The Dark Duelists' victory of the Regional Championship sent a shockwave throughout America's dueling world. True, winning the Regionals wasn't the greatest success out there but it wasn't a mean feat either. People took notice. Though the Dark Duelists weren't the first team of humble beginning to navigate its way up a world where hereditary wealth and connections meant everything it was still a startling and unnerving display. Strangely enough, Yugi did the same.

The renovations JC made to the new warehouse was complete. The massive, lavish, and spacious headquarters now replaced their peasantry, dusty (and now torched) hideout. As Maya might say, notice the change in words. Speaking of which, it was once more through the grace of Dupre Esq. that Maya didn't have to pay for damages done by the riot. After all, what was Matthew's wealth compared to that of KaibaCorp's? Hereditary wealth and connections meant everything.

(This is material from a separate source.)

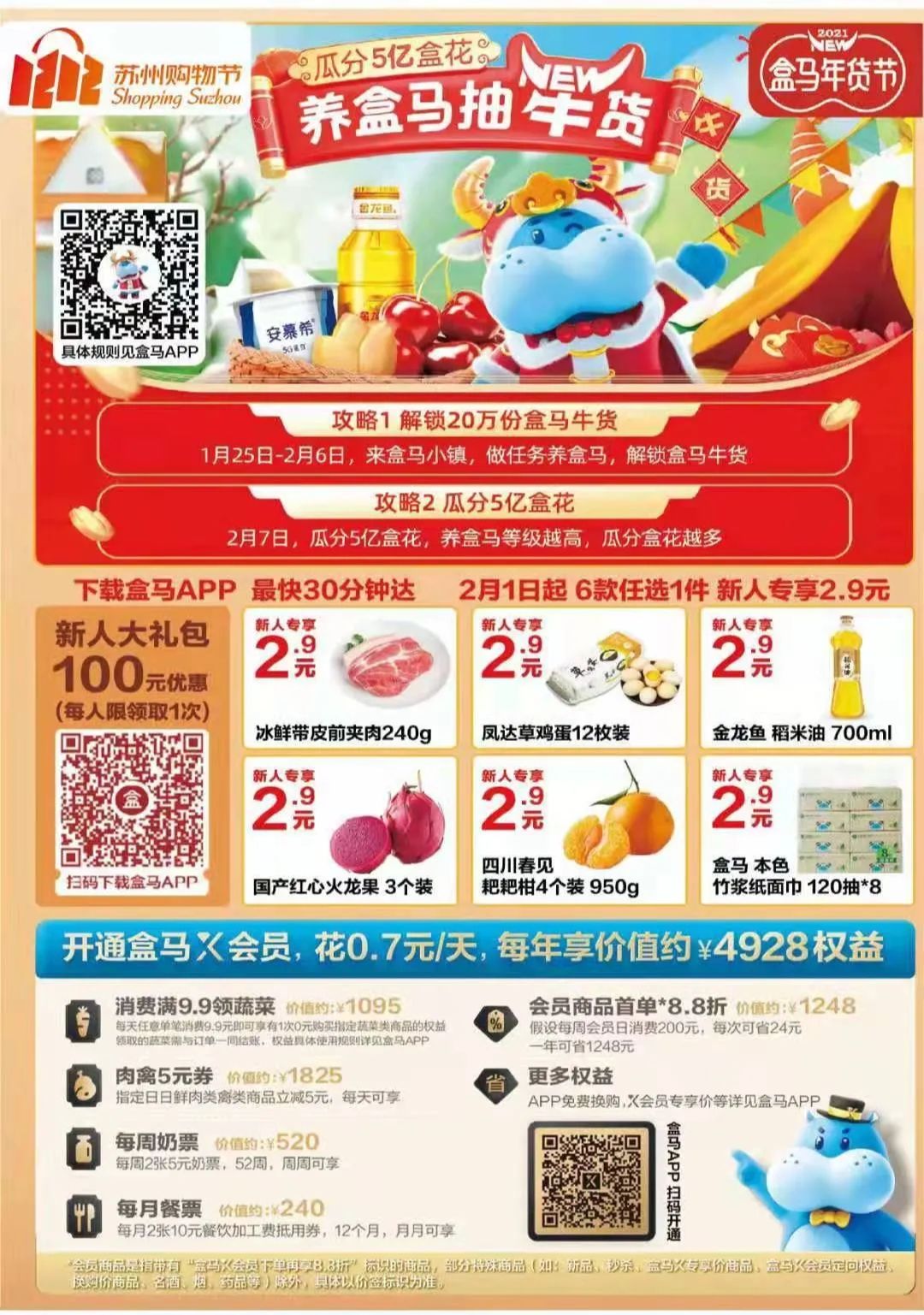 “新年上盒马,买点牛货”,盒马苏州各门店和app同步推出“牛货到家”、“牛货见面礼”、“牛货不打烊”、“牛货开门红”等主题促销,发放年货津贴,推出红包补贴、积分兑换、超值券包等活动。

On the other hand a more subtle and profound change began to happen to the Duel Monsters game itself. Yukio and Maya's conquests with their striking and even bizarre anti-meta decks made a serious statement of what cards duelists could use to seriously compete, which in turn changed what it meant to be a duelist. Though Monarch and Chaos duelists still clenched tight to their hegemony small cracks appeared on their strongholds, which were soon filled by duelists open and eager to try new ideas.

The team was even interviewed in their new headquarters by NBC. The moment was a bit unnerving in how tense it was. The reporter wanted to especially talk to Yukio and Maya, the two big stars, but neither of them felt like talking. Yukio just kind of stared spaced out while Maya kept her head down. To make matters worse JC jealously wanted all the attention instead and kept trying to remind national TV of his authority and influence as team leader.

The interview didn't make a good impression. It just demonstrated another way JC hated how the tournament titles weren't his and how he became even more bossy than usual, tying the leash around Yukio and Maya tighter and tighter.

With a worried frown on his face, Yukio asked Maya, "You thinking what I'm thinking?"

Maya nodded, "I'm worried the team will go in the wrong direction, that JC will become Matthew and turn us into the Shining Crusaders 2.0."

"Maya, wake up!" Father snapped his fingers in front of Maya's face. "No daydreaming. This is a very important business dinner. You can't screw this up."

Maya rolled her eyes. Regional Champion she may have been, but she was still a frustrated teenager. A teenager can be immature every once in a while, right?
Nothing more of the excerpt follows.